Department of France in Bourgogne-Franche-Comté

Côte-d'Or (/fr/) is a department in the Bourgogne-Franche-Comté region in France. In 2023, it had a population of 540,100. Its prefecture is Dijon, which is also the regional prefecture; its subprefectures are Beaune and Montbard.

== History ==

Côte-d'Or is one of the original 83 departments created during the French Revolution on 4 March 1790. Formed from part of the former province of Burgundy, it is arguably unique among the departments in having a name that is poetic rather than geographic. The name was first proposed by the representative of Dijon (:fr:Charles-André-Rémy Arnoult), and is said to refer to the autumn gold of the flanks of the hills in wine-growing areas. The literal meaning of côte d'or in French is "golden hill".

== Geography ==

The department is part of the current region of Bourgogne-Franche-Comté. It is surrounded by the departments of Yonne, Nièvre, Saône-et-Loire, Jura, Aube, Haute-Saône, and Haute-Marne.
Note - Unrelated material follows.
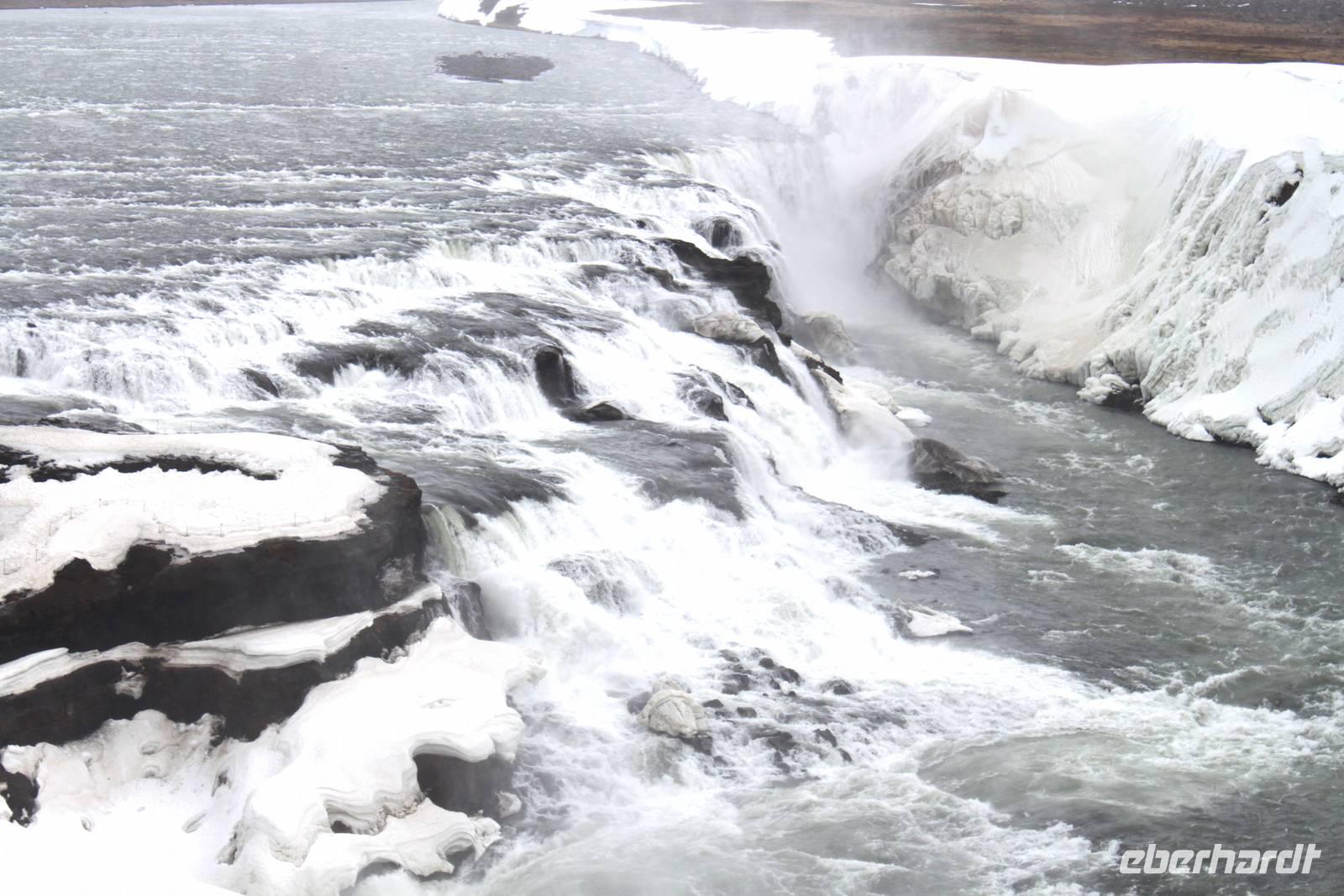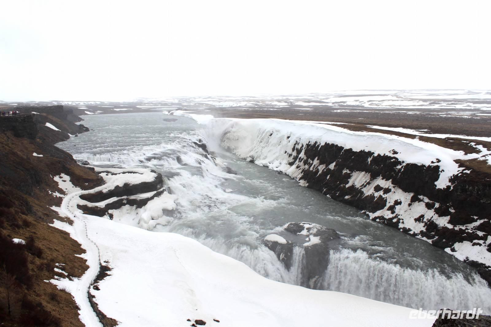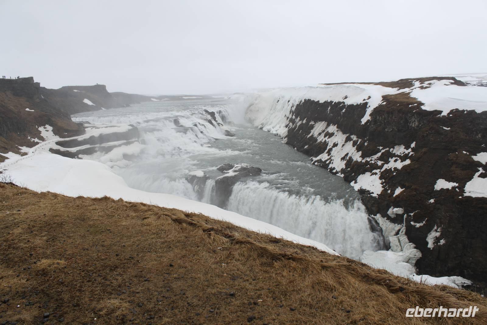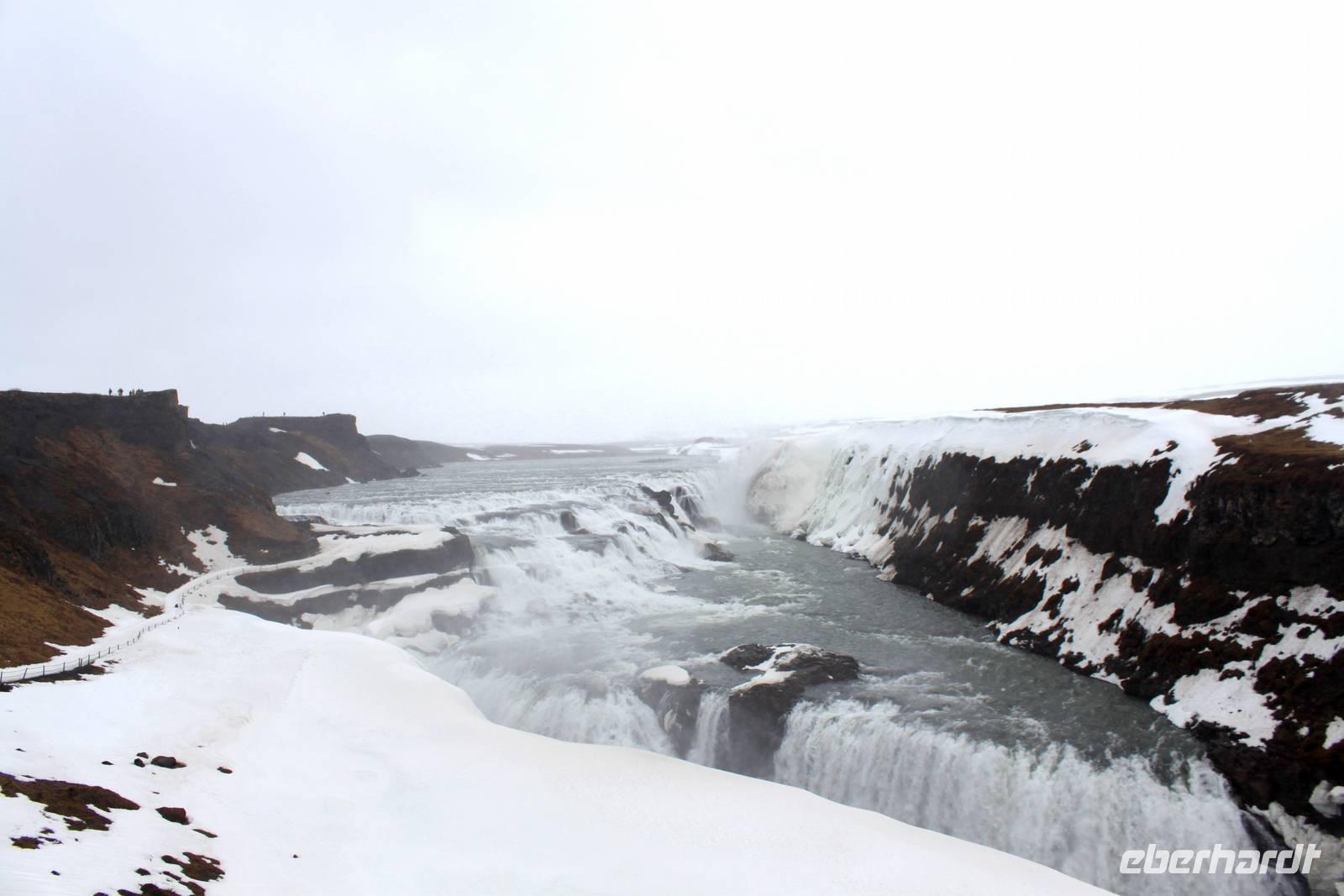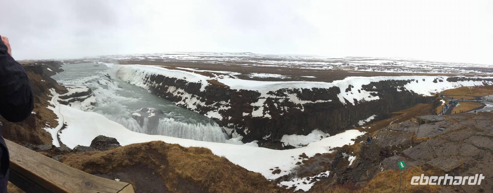 Weiter ging es vorbei an schönen Schneelandschaften zum Gullfoss. Der 32 Meter hohe Wasserfall wurde 1979 zum Naturschutzgebiet erklärt und wird von vielen als schönster Wasserfall des Landes bezeichnet.
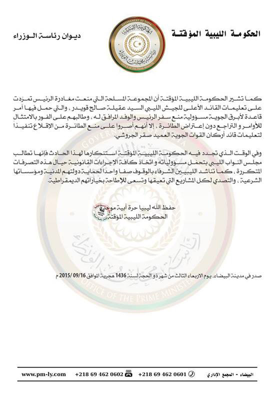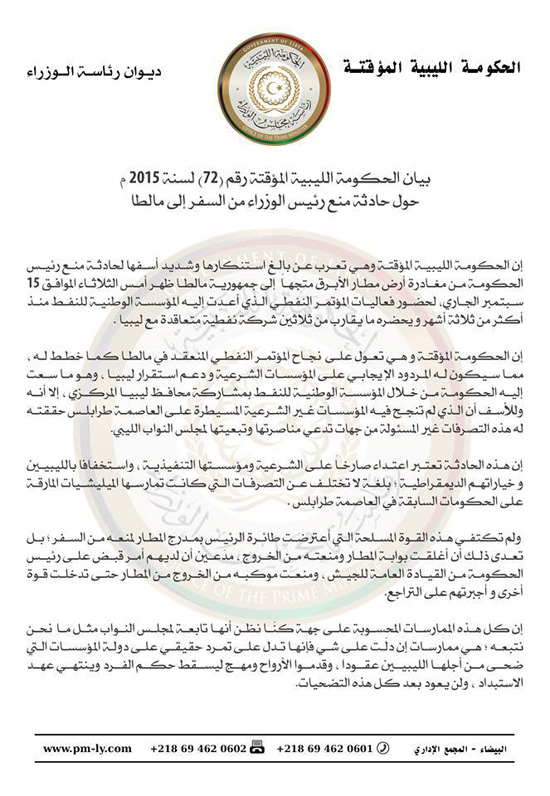 وأضاف البيان : " أن مجموعة مسلحة ادعت تبعيتها للقيادة العامة للجيش الليبي بقيادة الفريق أول خليفة حفتر، منعت رئيس الحكومة السيد عبد الله الثني من السفر إلى مالطا عبر مطار لأبرق، ظهر الثلاثاء، لحضور فعاليات المؤتمر النفطي، الذي أعدت له المؤسسة الوطنية للنفط الليبية منذ ثلاثة أشهر، بمشاركة أكثر من ثلاثين شركة نفطية متعاقدة مع ليبيا".

A chain of hills called the Plateau de Langres runs from north-east to south-west through the department to the north of Dijon and continues south-westwards as the Côte d'Or escarpment, from which the department takes its name. It is the south-east facing slope of this escarpment which is the site of the celebrated Burgundy vineyards. To the west of the Plateau de Langres, towards Champagne, lies the densely wooded district of Châtillonais. To the south-east of the plateau and escarpment, the department lies in the broad, flat-bottomed valley of the middle course of the Saône.

Rivers include:
- The Saône
- The Seine rises in the southern end of the Plateau de Langres.
- The Ouche rises on the dip slope of the escarpment and flows to the Saône via Dijon.
- The Armançon rises on the dip slope of the escarpment and flows north-westward.
- The Arroux rises on the dip slope of the escarpment at the southern end of the department.

=== Climate ===

The climate of the department is continental, with abundant rain on the west side of the central range.

===Principal towns===

The most populous commune is Dijon, the prefecture. As of 2023, there are 5 communes with more than 10,000 inhabitants:

| Commune | Population (2023) |
|---|---|
| Dijon | 161,830 |
| Beaune | 20,352 |
| Chenôve | 14,244 |
| Talant | 11,896 |
| Chevigny-Saint-Sauveur | 11,108 |

== Demographics ==
The inhabitants of the department are called Costaloriens in French.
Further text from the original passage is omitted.